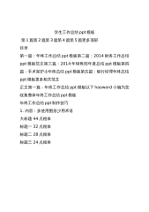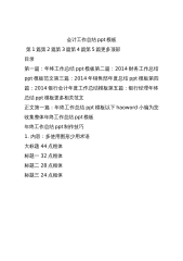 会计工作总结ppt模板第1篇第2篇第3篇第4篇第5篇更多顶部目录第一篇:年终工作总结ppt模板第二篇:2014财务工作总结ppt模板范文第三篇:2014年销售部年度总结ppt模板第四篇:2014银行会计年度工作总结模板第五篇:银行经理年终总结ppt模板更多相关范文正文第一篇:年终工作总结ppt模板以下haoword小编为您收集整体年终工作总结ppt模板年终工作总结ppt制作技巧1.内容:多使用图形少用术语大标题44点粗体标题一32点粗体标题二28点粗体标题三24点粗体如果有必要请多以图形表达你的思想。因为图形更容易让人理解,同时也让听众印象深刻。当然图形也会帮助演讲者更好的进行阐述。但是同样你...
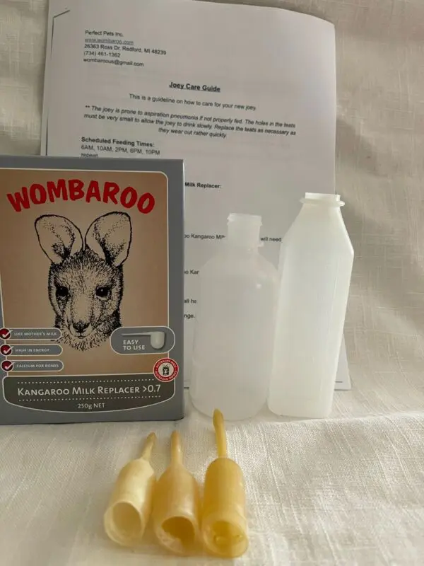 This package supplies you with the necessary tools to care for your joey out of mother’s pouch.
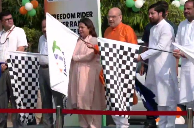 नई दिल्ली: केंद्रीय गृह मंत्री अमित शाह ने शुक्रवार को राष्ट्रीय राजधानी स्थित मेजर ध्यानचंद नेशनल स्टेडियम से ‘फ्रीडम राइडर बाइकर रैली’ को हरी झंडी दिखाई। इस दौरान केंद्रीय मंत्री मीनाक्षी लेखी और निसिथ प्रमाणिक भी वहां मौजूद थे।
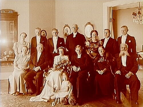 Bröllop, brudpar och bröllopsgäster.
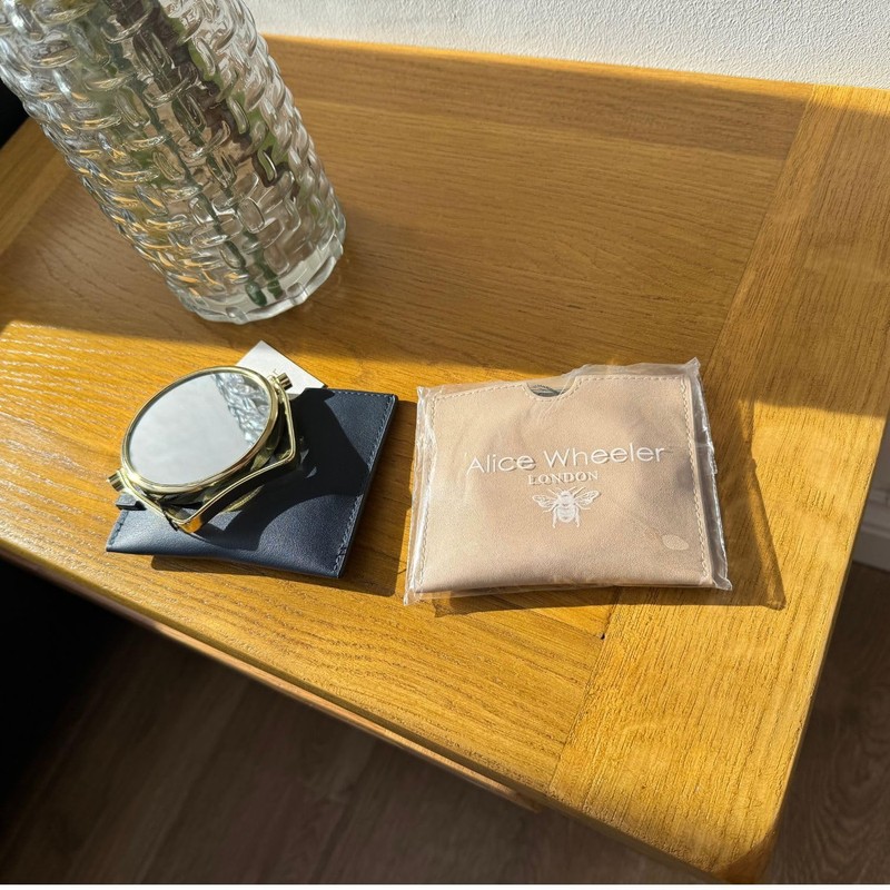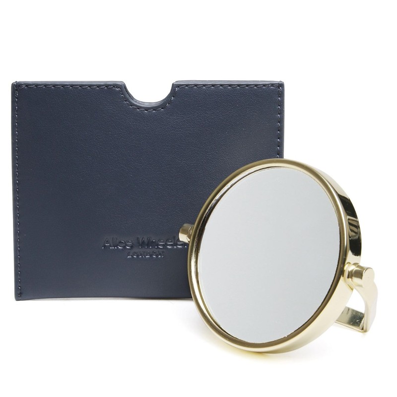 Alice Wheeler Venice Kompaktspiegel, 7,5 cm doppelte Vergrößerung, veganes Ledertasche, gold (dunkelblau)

# # # #

A word-for-word copy of the entries above is needed, with every picture dropped.

 会计工作总结ppt模板第1篇第2篇第3篇第4篇第5篇更多顶部目录第一篇:年终工作总结ppt模板第二篇:2014财务工作总结ppt模板范文第三篇:2014年销售部年度总结ppt模板第四篇:2014银行会计年度工作总结模板第五篇:银行经理年终总结ppt模板更多相关范文正文第一篇:年终工作总结ppt模板以下haoword小编为您收集整体年终工作总结ppt模板年终工作总结ppt制作技巧1.内容:多使用图形少用术语大标题44点粗体标题一32点粗体标题二28点粗体标题三24点粗体如果有必要请多以图形表达你的思想。因为图形更容易让人理解,同时也让听众印象深刻。当然图形也会帮助演讲者更好的进行阐述。但是同样你...
 This package supplies you with the necessary tools to care for your joey out of mother’s pouch.
 नई दिल्ली: केंद्रीय गृह मंत्री अमित शाह ने शुक्रवार को राष्ट्रीय राजधानी स्थित मेजर ध्यानचंद नेशनल स्टेडियम से ‘फ्रीडम राइडर बाइकर रैली’ को हरी झंडी दिखाई। इस दौरान केंद्रीय मंत्री मीनाक्षी लेखी और निसिथ प्रमाणिक भी वहां मौजूद थे।
 Bröllop, brudpar och bröllopsgäster.
 Alice Wheeler Venice Kompaktspiegel, 7,5 cm doppelte Vergrößerung, veganes Ledertasche, gold (dunkelblau)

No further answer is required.